> **Work to complete**
Retype every line from the top of the entries down to the one with "男性向けラノベタイトル風あだ名 | 『この素晴らしい世界にみんみみんを!』 |", both included, and skip the pictures.

> **Data supplied**
===============

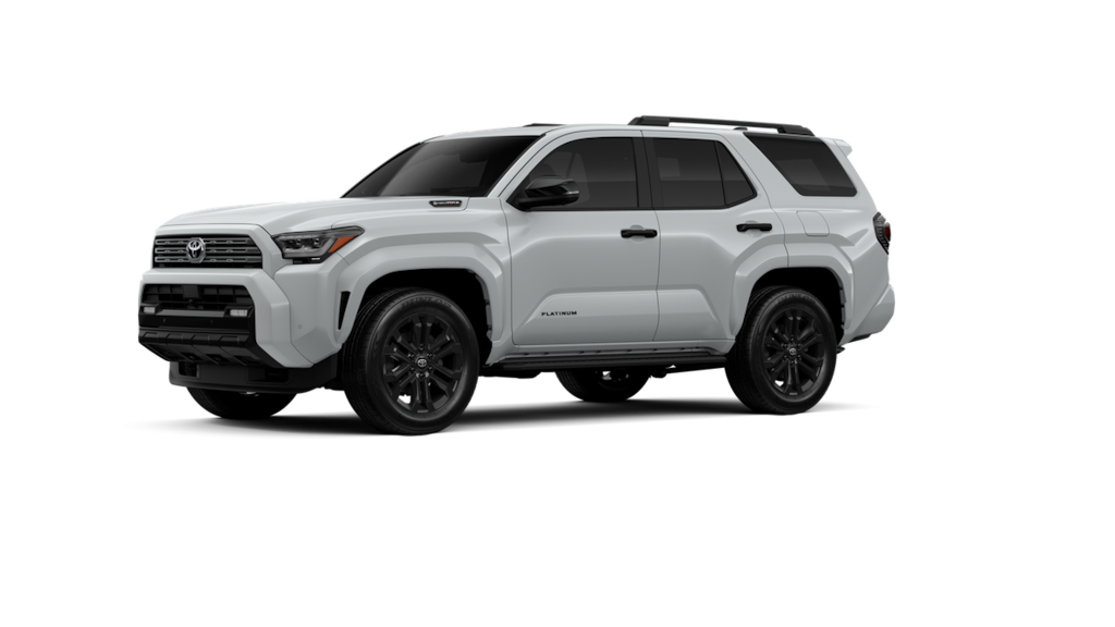 • Dark-chrome tri-bar grille gloss-black mirror caps and door handles color-keyed overfenders and rear spoiler gloss-black 'PLATINUM' and '4RUNNER' badges
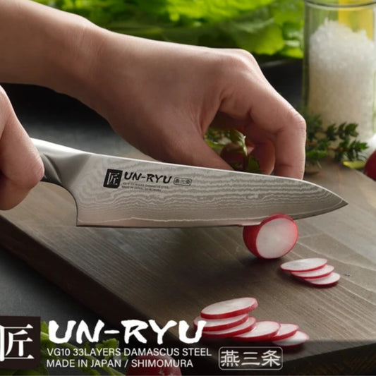 سكين UN-RYU عدة مقاسات | 33 طبقة من الفولاذ الدمشقي عالي الكربون | من العلامة التجارية اليابانية Shimomura صنع في اليابان
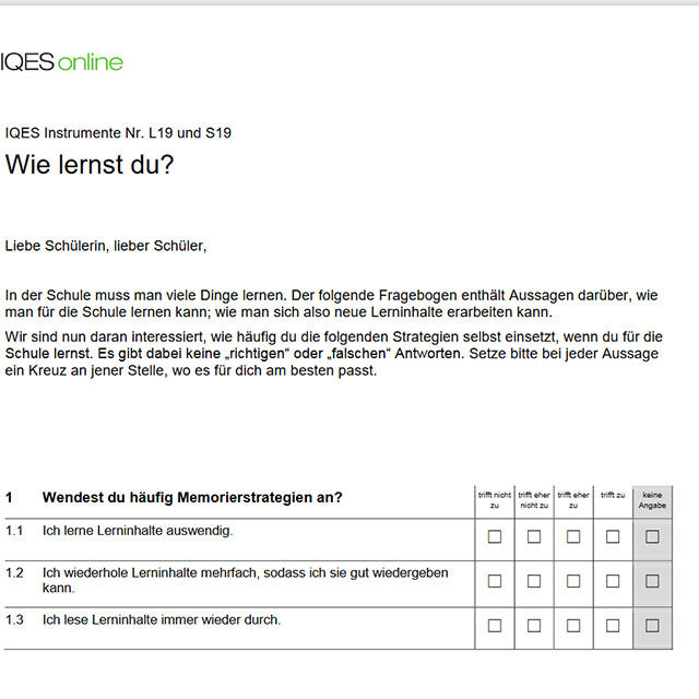 Diagnosebogen «Lernstrategien»
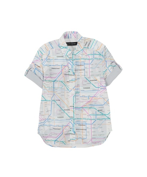 しっかりとしたハリ感が特徴のコットン素材を使用した半袖シャツ。メトロ路線図をモチーフにしたプリント柄で、その駅名1つ1つがブランドの歴代のアイテム名・キャラクター名・モチーフ名などになっています。ファーストシーズンに登場した“ぞうパン”などの定番アイテムをはじめ、非常にレアなものがアルファベットが表記されています。※こちらの商品は、ユニセックスで着用して頂けるアイテムです。Ladies Torso:H163.5 B80 W58.5 H86 着用サイズ:01サイズMens Torso:H180 C87 W78 H86 着用サイズ:03サイズ
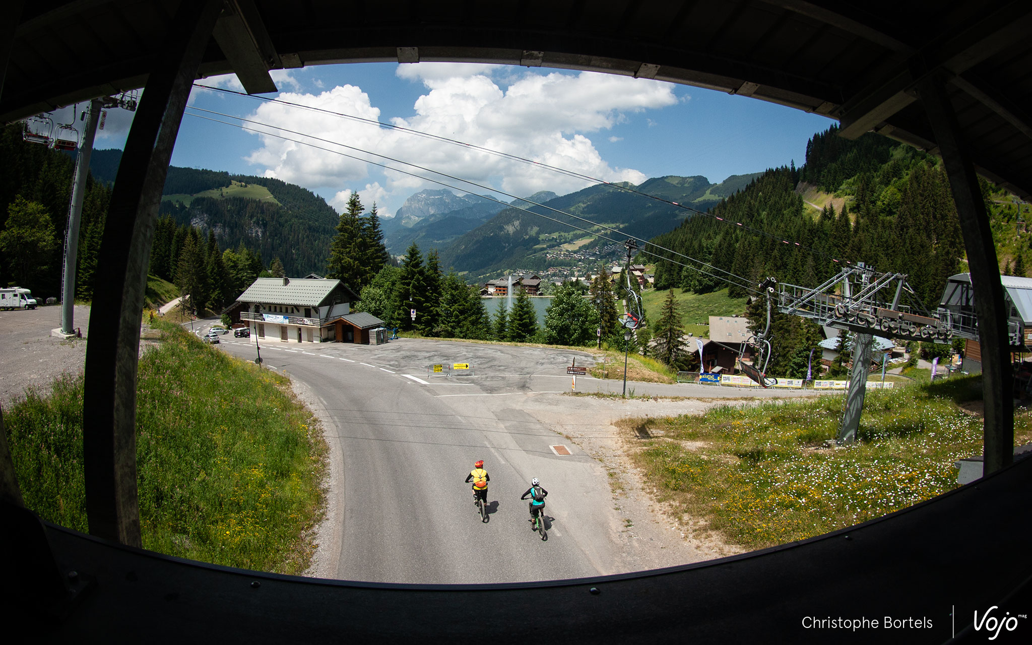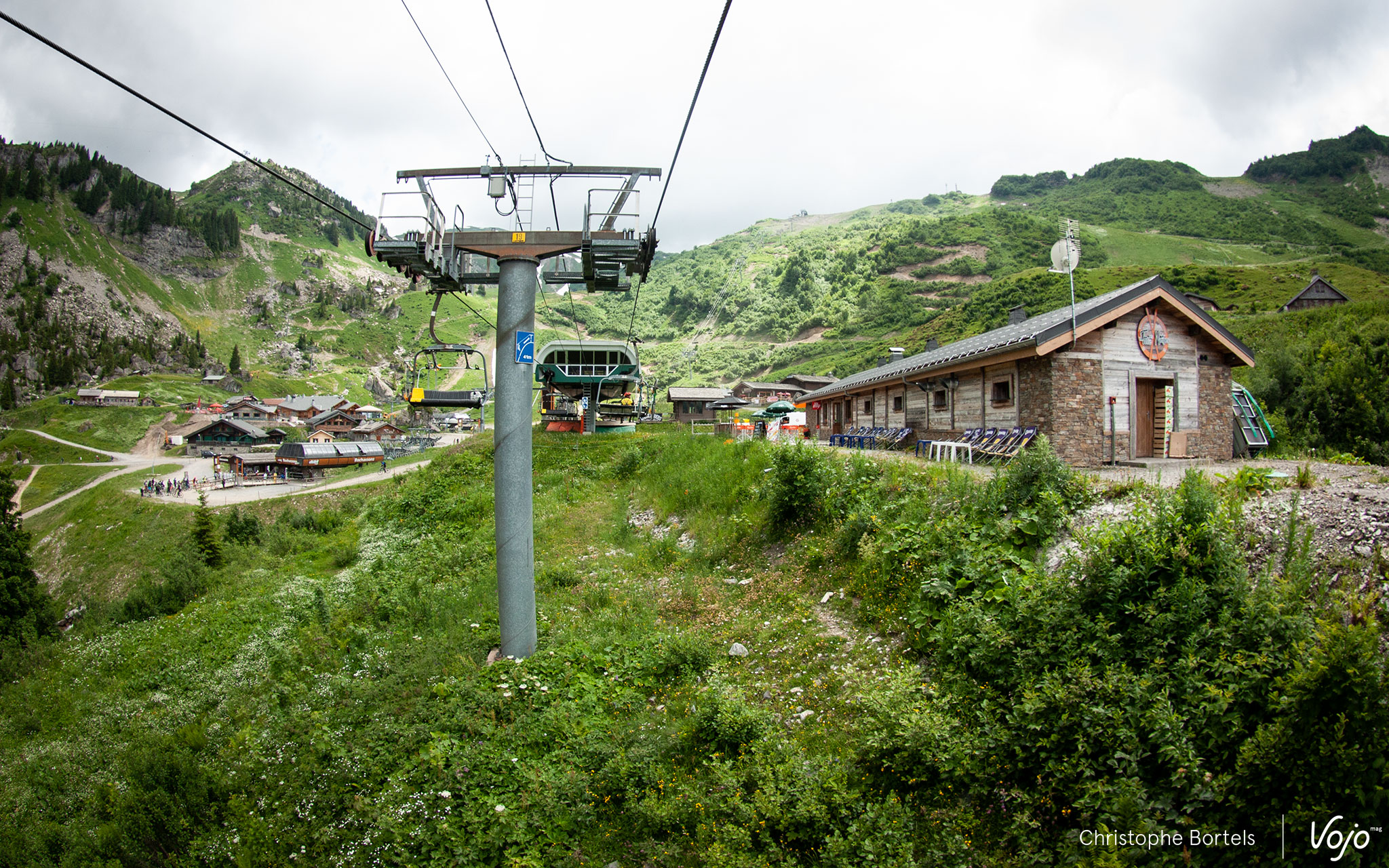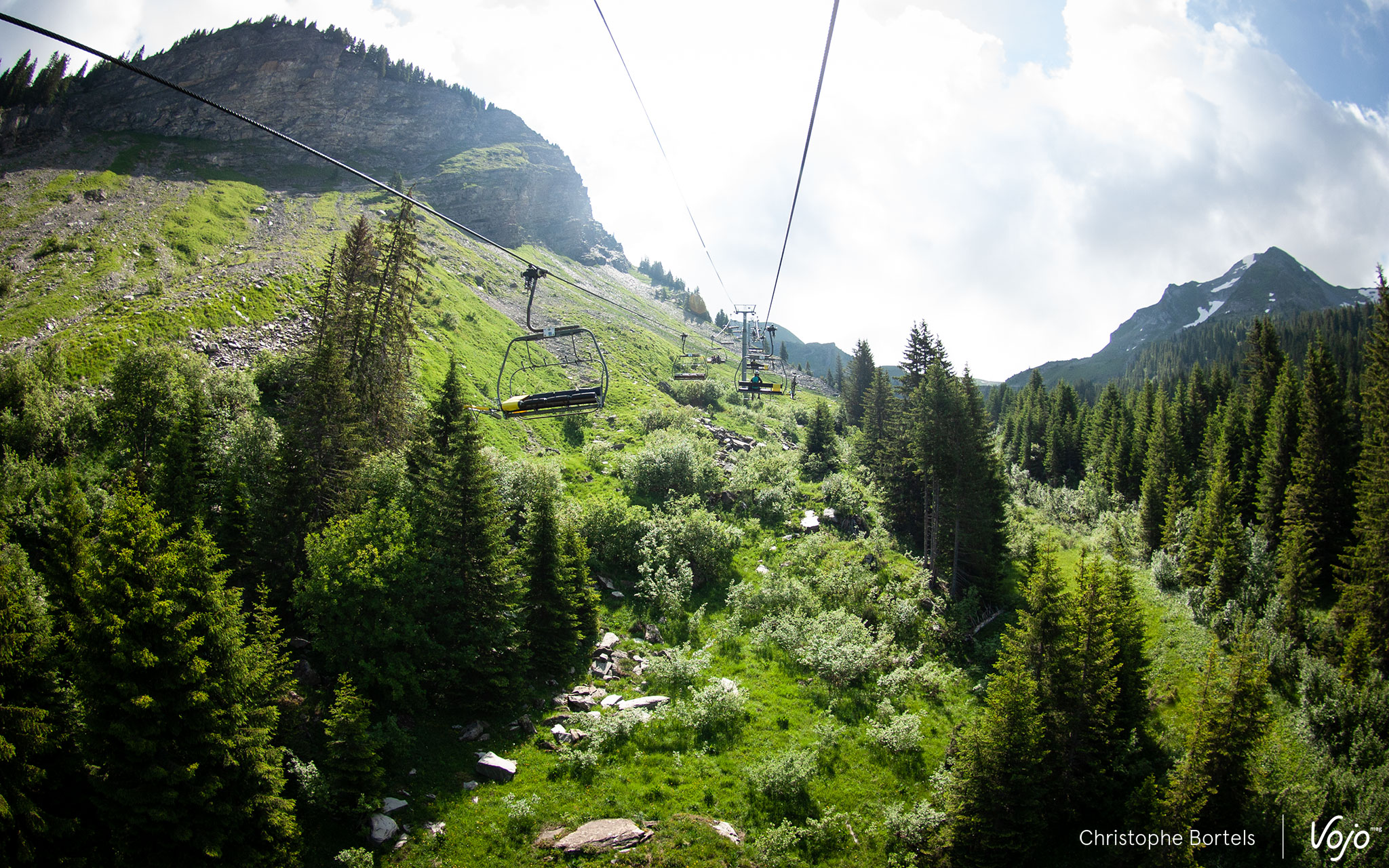 Heureusement, il fait nettement moins chaud que l’année passée et la liaison est moins harassante. Mais avec déjà plus de 50km au compteur, on apprécie tout de même d’être assis dans un télésiège et de savourer la vue sur le bikepark de Châtel !
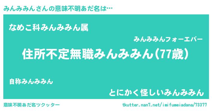 | 男性向けラノベタイトル風あだ名 | 『この素晴らしい世界にみんみみんを!』 |
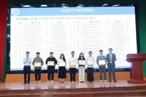 Trong khuôn khổ chương trình, Nhà trường đã tuyên dương và trao giấy khen cho 33 sinh viên có thành tích xuất sắc trong hoạt động nghiên cứu khoa học năm 2025. Đây là sự ghi nhận xứng đáng đối với những nỗ lực và đóng góp của sinh viên trong phong trào nghiên cứu khoa học, đồng thời là nguồn động lực để tiếp tục lan tỏa tinh thần học thuật, sáng tạo trong cộng đồng sinh viên ICTU.

===============

> **Task solution**
 • Dark-chrome tri-bar grille gloss-black mirror caps and door handles color-keyed overfenders and rear spoiler gloss-black 'PLATINUM' and '4RUNNER' badges
 سكين UN-RYU عدة مقاسات | 33 طبقة من الفولاذ الدمشقي عالي الكربون | من العلامة التجارية اليابانية Shimomura صنع في اليابان
 Diagnosebogen «Lernstrategien»
 しっかりとしたハリ感が特徴のコットン素材を使用した半袖シャツ。メトロ路線図をモチーフにしたプリント柄で、その駅名1つ1つがブランドの歴代のアイテム名・キャラクター名・モチーフ名などになっています。ファーストシーズンに登場した“ぞうパン”などの定番アイテムをはじめ、非常にレアなものがアルファベットが表記されています。※こちらの商品は、ユニセックスで着用して頂けるアイテムです。Ladies Torso:H163.5 B80 W58.5 H86 着用サイズ:01サイズMens Torso:H180 C87 W78 H86 着用サイズ:03サイズ
 Heureusement, il fait nettement moins chaud que l’année passée et la liaison est moins harassante. Mais avec déjà plus de 50km au compteur, on apprécie tout de même d’être assis dans un télésiège et de savourer la vue sur le bikepark de Châtel !
 | 男性向けラノベタイトル風あだ名 | 『この素晴らしい世界にみんみみんを!』 |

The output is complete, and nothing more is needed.